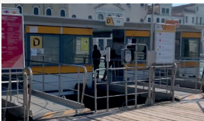
Railway stn. D

Once you get off at the “Guglie” stop, continue along the canal towards the “Ponte delle Guglie” and as soon as you pass the kiosk on your right, turn left and go through the “Sotoportego Ca' Pozzo” underpass that is next to a bakery. At the end of the underpass you will find the Ca' Pozzo inn on your left.
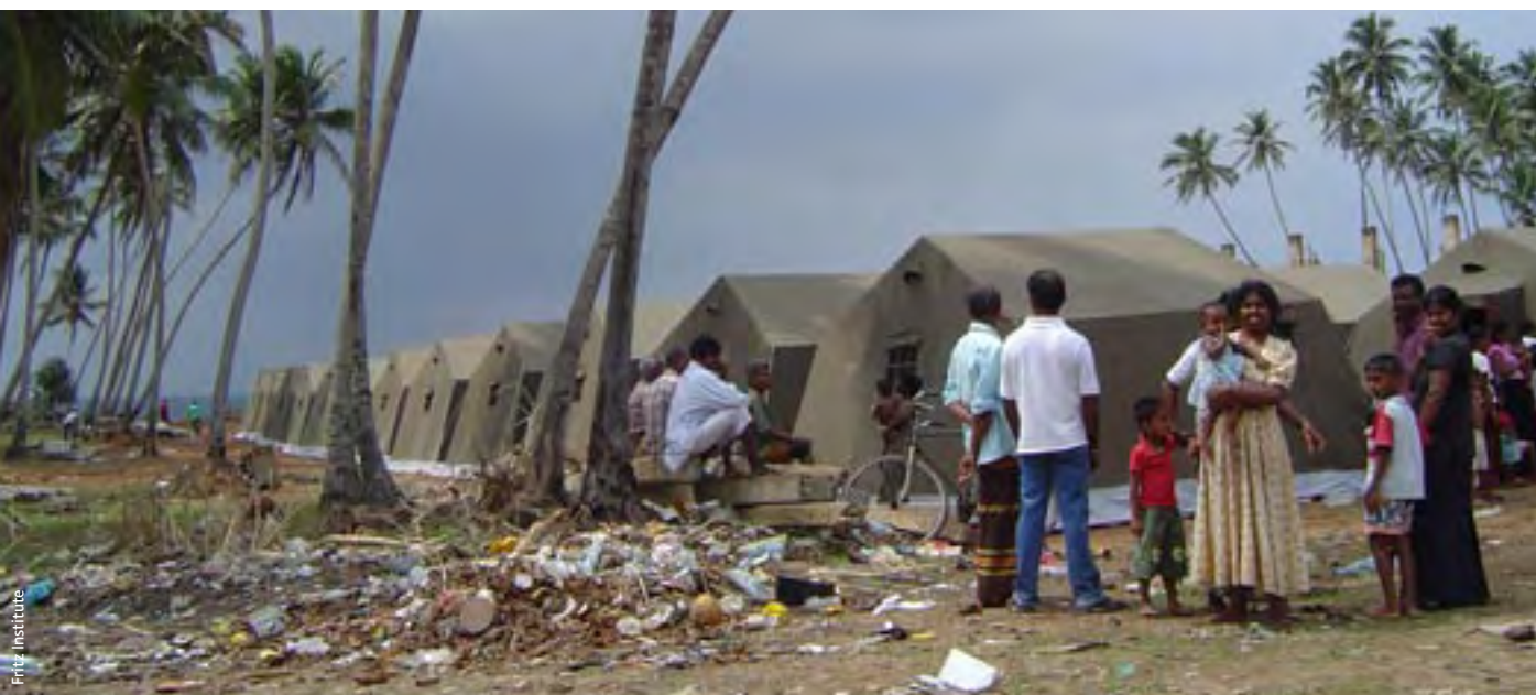
Temporary shelters, Sri Lanka.

The UN lacks system-wide mechanisms for incorporating risk reduction measures into post-disaster recovery efforts. There is a need to identify suitable assessment methodologies for identifying early recovery needs, to improve procedures for sending technical experts to support recovery programming and to ensure that funding for recovery and vulnerability reduction interventions is made available.

━━━━━━━━

Task description
Copy out whichever lines of the listing contain the word "that".

Expected answer
Once you get off at the “Guglie” stop, continue along the canal towards the “Ponte delle Guglie” and as soon as you pass the kiosk on your right, turn left and go through the “Sotoportego Ca' Pozzo” underpass that is next to a bakery. At the end of the underpass you will find the Ca' Pozzo inn on your left.
The UN lacks system-wide mechanisms for incorporating risk reduction measures into post-disaster recovery efforts. There is a need to identify suitable assessment methodologies for identifying early recovery needs, to improve procedures for sending technical experts to support recovery programming and to ensure that funding for recovery and vulnerability reduction interventions is made available.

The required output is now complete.